According to an embodiment, a pitch bearing assembly includes an inboard pitch bearing including an inner race and an outer race, the outer race including a radially outwardly protruding tab, and an outboard end of the inboard pitch bearing including a plurality of rotation transmitting features. An outboard pitch bearing of the pitch bearing assembly includes an inner race and an outer race, an inboard end of the outer race of the outboard pitch bearing including a plurality of rotation transmitting features. A coupler of the pitch bearing assembly has an inboard end and an outboard end, the inboard end of the coupler having a plurality of rotation transmitting features engageable with the rotation transmitting features of the inboard pitch bearing, the outboard end of the coupler having a plurality of rotation transmitting features engageable with the rotation transmitting features of the outboard pitch bearing.

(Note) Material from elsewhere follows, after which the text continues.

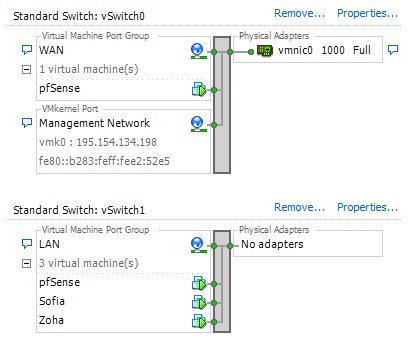 Dans la pratique on installe ESX en quelques clics via la console Online, ensuite on crée sur ESX un LAN qui n’est connecté à aucune carte réseau (on doit pouvoir utiliser le même swich virtuel que pour le WAN avec un VLAN, mais ce serait se compliquer la vie). Dans la console Online on achète une IP Failover, on l’associe au serveur dédié et on lui attribue une adresse MAC que l’on reportera sur le WAN de la VM pfSense. (je trouve le client vSphère plus intuitif que la version web pour faire ce genre de réglages).

In addition to one or more of the features described above, or as an alternative, in further embodiments the rotation transmitting features of the inboard end and outboard end of the coupler and the rotation transmitting features of the outer races of the inboard and outboard pitch bearings include castellations.
In addition to one or more of the features described above, or as an alternative, in further embodiments the outer race of the outboard pitch bearing does not include a radially outwardly protruding tab.
In addition to one or more of the features described above, or as an alternative, in further embodiments the pitch bearing assembly is disposable between a hub arm and a rotor blade of a rotor system, the inner races are rotationally fixable to the hub arm, and the outer races are rotationally fixable to the rotor blade.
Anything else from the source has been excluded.